Liquidity and Capital Resources
As of December 31, 2019, the
Company had a working capital deficit of approximately $1,014,000. We estimate that, over the next twelve months, in order to maintain
reporting company status as defined under the Securities Exchange Act of 1934, we will require cash for general and administrative
expenses and professional fees, which include accounting, legal and other professional fees, as well as filing fees. We believe
we will be able to meet these costs through the use of existing cash and cash equivalents or additional amounts, as necessary,
to be loaned by or invested in us by our stockholders, management or other investors. However, no assurance can be given that we
will be able to raise additional capital, when needed or at all, or that such capital, if available, will be on acceptable terms.
In the absence of obtaining additional financing, we may be unable to fund our operations.
During the six months ended December
31, 2019, the Company’s operational cash flows primarily consisted of incurring expenses in the normal course of business
at levels commensurate with its funding levels and resulting inabilities to commence commercially viable operations. Net of the
non-cash and non-recurring gains on debt settlements of approximately $23,000, the Company’s operational cash uses primarily
consisted of the incurrence of on-going general and administrative expenses for the six months ended December 31, 2019. The Company
expects these operational cash uses to continue until sufficient capital is raised, if any.
The Company does not have sufficient
resources to engage in significant investing activities.

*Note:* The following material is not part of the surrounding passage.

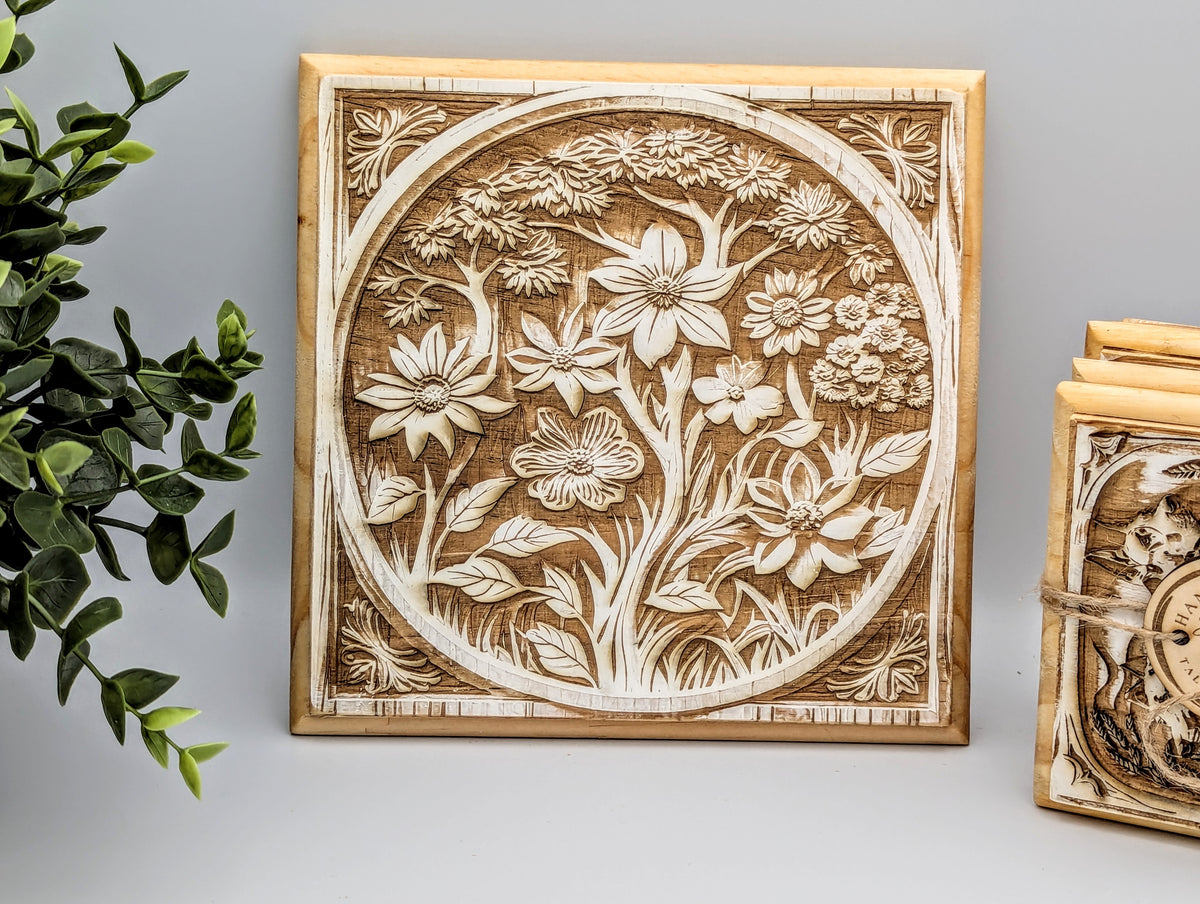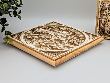The flower garden wood trivet will protect your countertops and dining surfaces from heat and scratches.

As funding permits, the Company expects to invest in expanding its beer
production and related products.
During the six months ended
December 31, 2019, the Company generated approximately $64,000 of net cash from financing activities through the issuance of convertible
debt totaling $71,000 partially off-set by making an approximate $7,000 payment on its other outstanding notes payable.
Off-Balance Sheet Arrangements
We do not have any off-balance
sheet arrangements as set forth in Item 303(a)(4) of the Regulation S-K.
Critical Accounting Policies
Our Unaudited Financial Statements
and Notes to Unaudited Financial Statements have been prepared in accordance with U.S. GAAP. The preparation of these financial
statements requires management to make estimates, judgments, and assumptions that affect reported amounts of assets, liabilities,
revenues, and expenses. We continually evaluate the accounting policies and estimates used to prepare the condensed financial statements.
The estimates are based on historical experience and assumptions believed to be reasonable under current facts and circumstances.
Actual amounts and results could differ from these estimates made by management. Certain accounting policies that require significant
management estimates and are deemed critical to our results of operations or financial position are discussed in our Annual Report
on Form 10-K for the year ended June 30, 2019.